Sarny Castle (Schloss Scharfeneck) is a 16th-century palace compound in Sarny, Ścinawka Górna, the administrative district of Gmina Radków, within Kłodzko County, Lower Silesian Voivodeship, in south-western Poland.

==History==
The palace is one of the largest historic residences of Lower Silesia, with the main building dating back to 1590. It was expanded several times, most notably in the 18th century when a chapel dedicated to John of Nepomuk was added to the main building, featuring an extensive polychrome decoration. A summer palace was also redeveloped in the 18th century. The compound features a total of 15 buildings.

A park was created in the 18th century, redeveloped in the late 19th century by Prussian landscape gardener Eduard Petzold.

Originally built for the Reichenbach family, the palace was a property of the Counts von Götzen between the 17th and the 19th century. Sold in the late 19th century to a wealthy merchant, the palace gradually began falling into disrepair. The last German owner was heiress Lilly Poppler and her husband Prof. Franz Poppler.

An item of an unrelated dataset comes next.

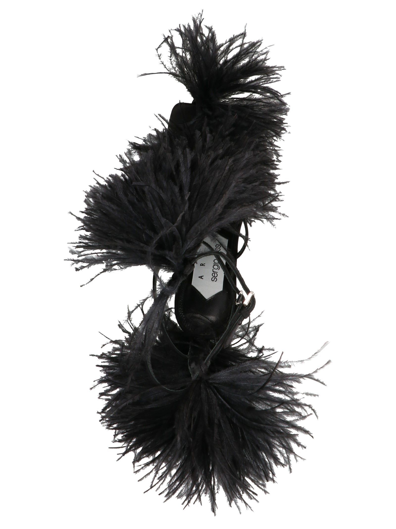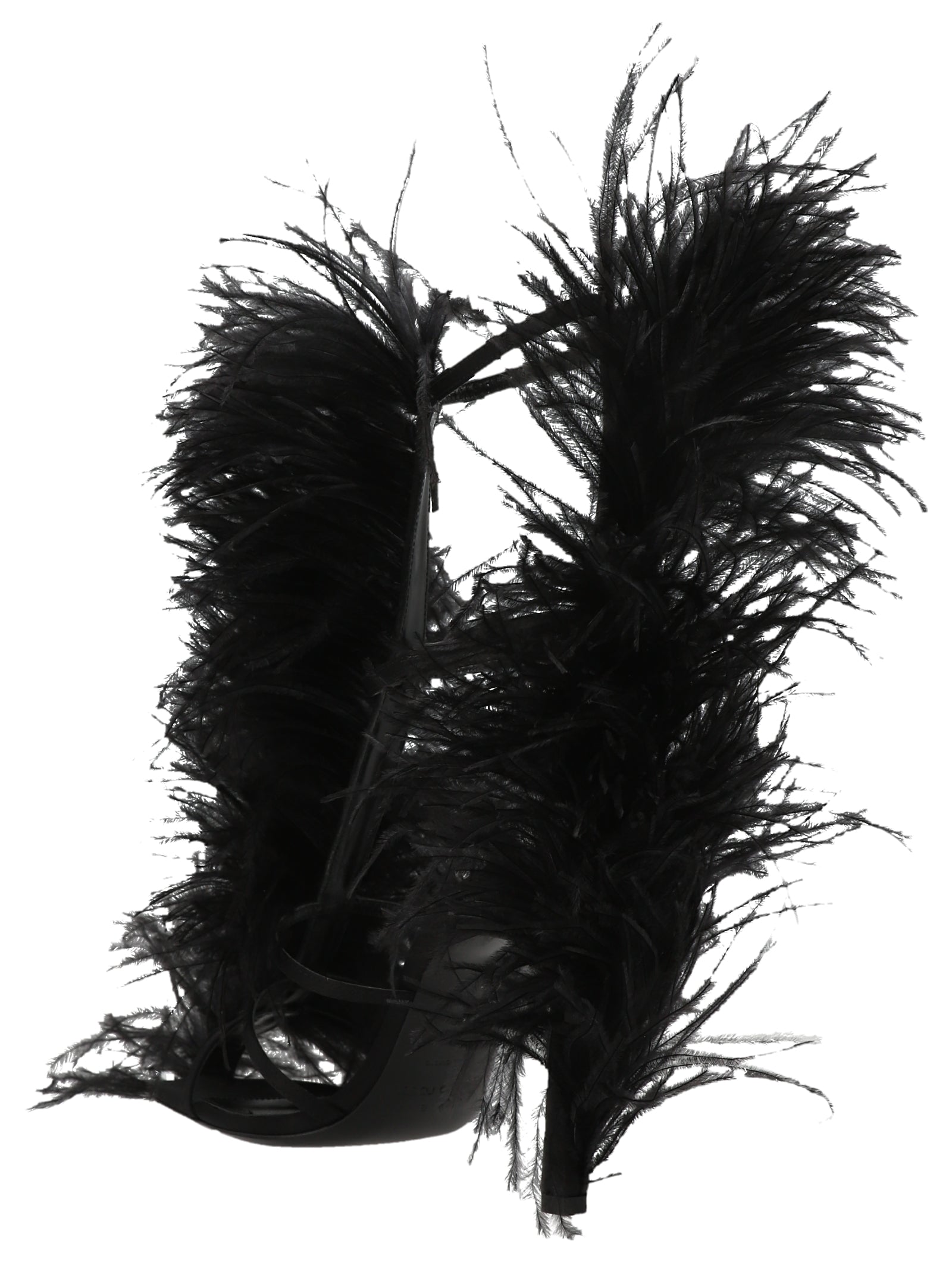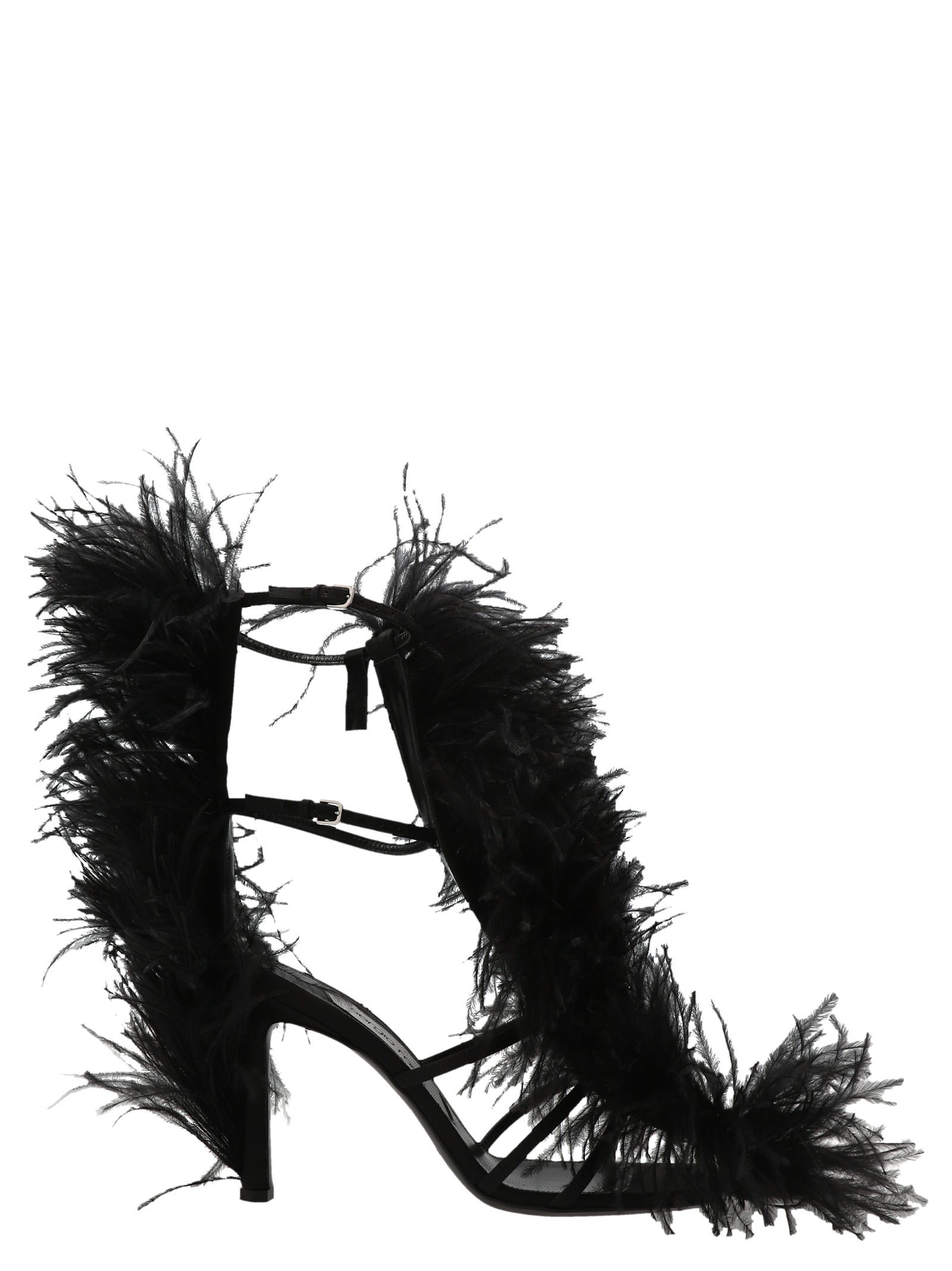 'Amazona' 'Amazona' Sandals in satin with all-over ostrich feather appliqués, ankle straps and a heel.

After World War II because of the decisions made during the Yalta Conference, the Kłodzko Land was transferred from Germany to Poland and Scharfeneck was renamed Sarny. The palace compound was first occupied by the Red Army to later be nationalized in communist Poland and turned into a collective farm. After communism collapsed in 1989, the property remained in the state's hands, largely abandoned and falling into deeper ruin.

In late 2013, it was sold to private individuals who established a charitable trust running Sarny Castle. In the first year of operation, a collapsed roof over a 17th-century granary was replaced with a new structure. Structural reconstruction was done on the castle in 2016-2020.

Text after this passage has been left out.